**TASK DIRECTIONS:**
Return only the lines from the top of the data down to the one that holds "Центральные подиумы —", both included, without any pictures.

**DATA BLOCK:**
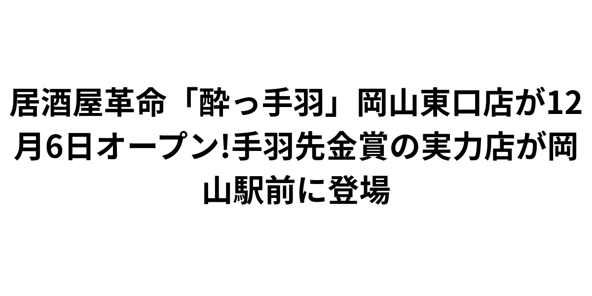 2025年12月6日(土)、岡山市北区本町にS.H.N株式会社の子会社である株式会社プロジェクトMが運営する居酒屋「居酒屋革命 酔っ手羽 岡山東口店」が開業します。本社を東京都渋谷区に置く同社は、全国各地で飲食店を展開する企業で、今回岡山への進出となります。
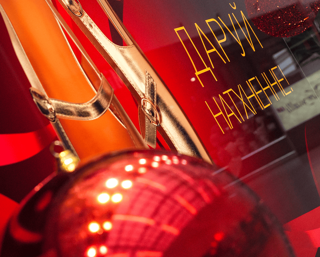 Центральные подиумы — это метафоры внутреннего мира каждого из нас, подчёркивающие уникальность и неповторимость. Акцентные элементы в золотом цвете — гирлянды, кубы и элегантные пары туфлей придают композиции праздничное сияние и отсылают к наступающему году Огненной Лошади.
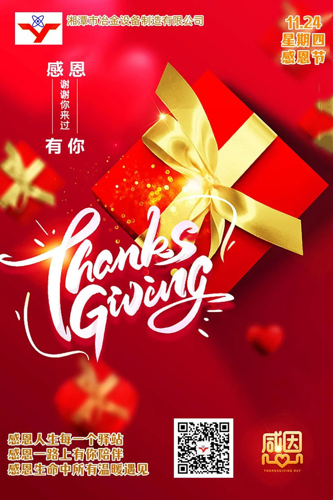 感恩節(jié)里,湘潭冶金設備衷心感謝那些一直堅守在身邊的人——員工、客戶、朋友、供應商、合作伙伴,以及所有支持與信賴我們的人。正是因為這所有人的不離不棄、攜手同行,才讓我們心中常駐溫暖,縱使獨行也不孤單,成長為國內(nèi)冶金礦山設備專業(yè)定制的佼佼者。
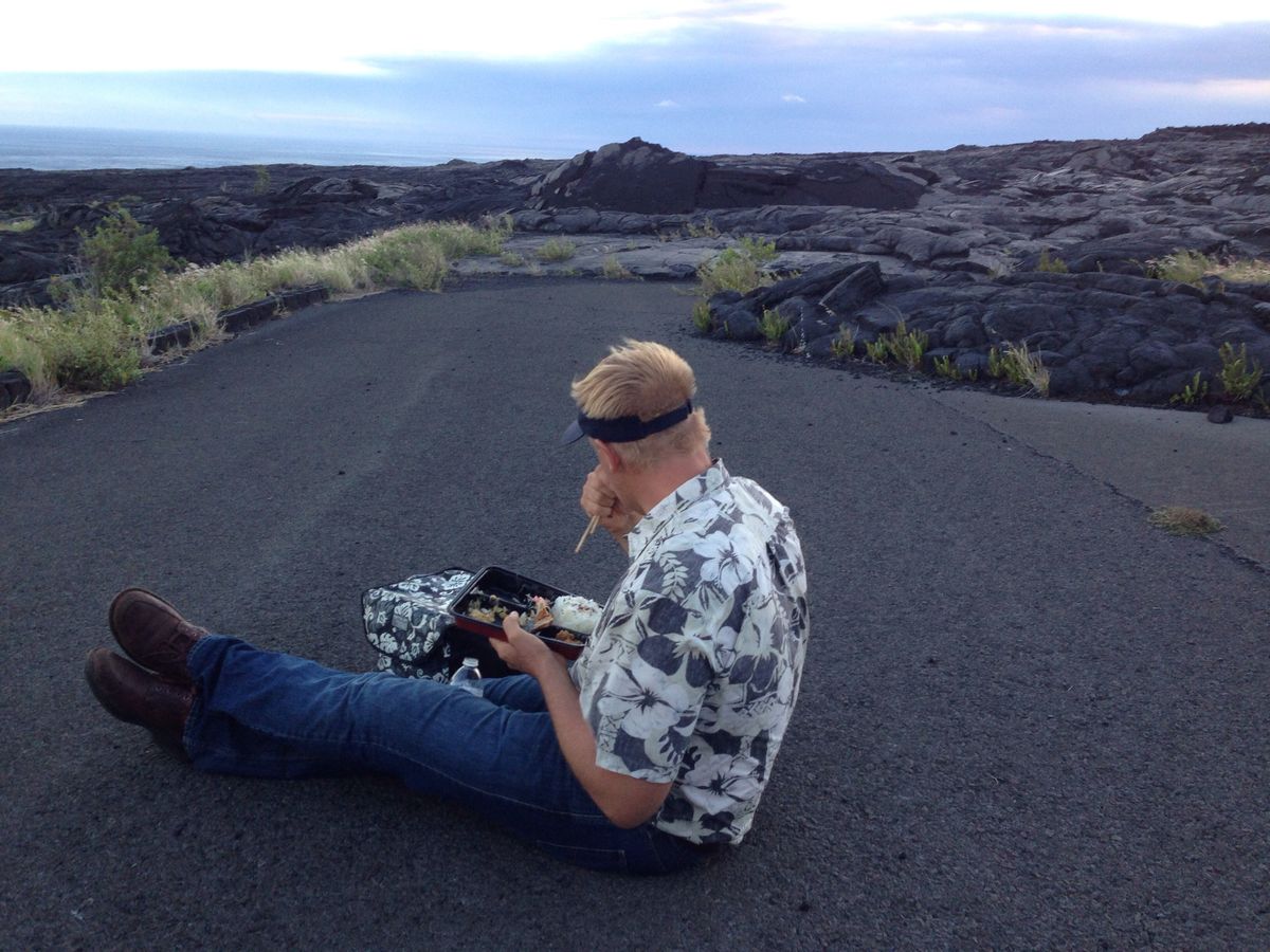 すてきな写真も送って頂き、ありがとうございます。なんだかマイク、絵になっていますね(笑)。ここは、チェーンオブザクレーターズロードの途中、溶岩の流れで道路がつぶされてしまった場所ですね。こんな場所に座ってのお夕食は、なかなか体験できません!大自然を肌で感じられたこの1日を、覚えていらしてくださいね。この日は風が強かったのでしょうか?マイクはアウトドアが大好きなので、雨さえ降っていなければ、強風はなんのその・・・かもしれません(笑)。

**TASK ANSWER:**
 2025年12月6日(土)、岡山市北区本町にS.H.N株式会社の子会社である株式会社プロジェクトMが運営する居酒屋「居酒屋革命 酔っ手羽 岡山東口店」が開業します。本社を東京都渋谷区に置く同社は、全国各地で飲食店を展開する企業で、今回岡山への進出となります。
 Центральные подиумы — это метафоры внутреннего мира каждого из нас, подчёркивающие уникальность и неповторимость. Акцентные элементы в золотом цвете — гирлянды, кубы и элегантные пары туфлей придают композиции праздничное сияние и отсылают к наступающему году Огненной Лошади.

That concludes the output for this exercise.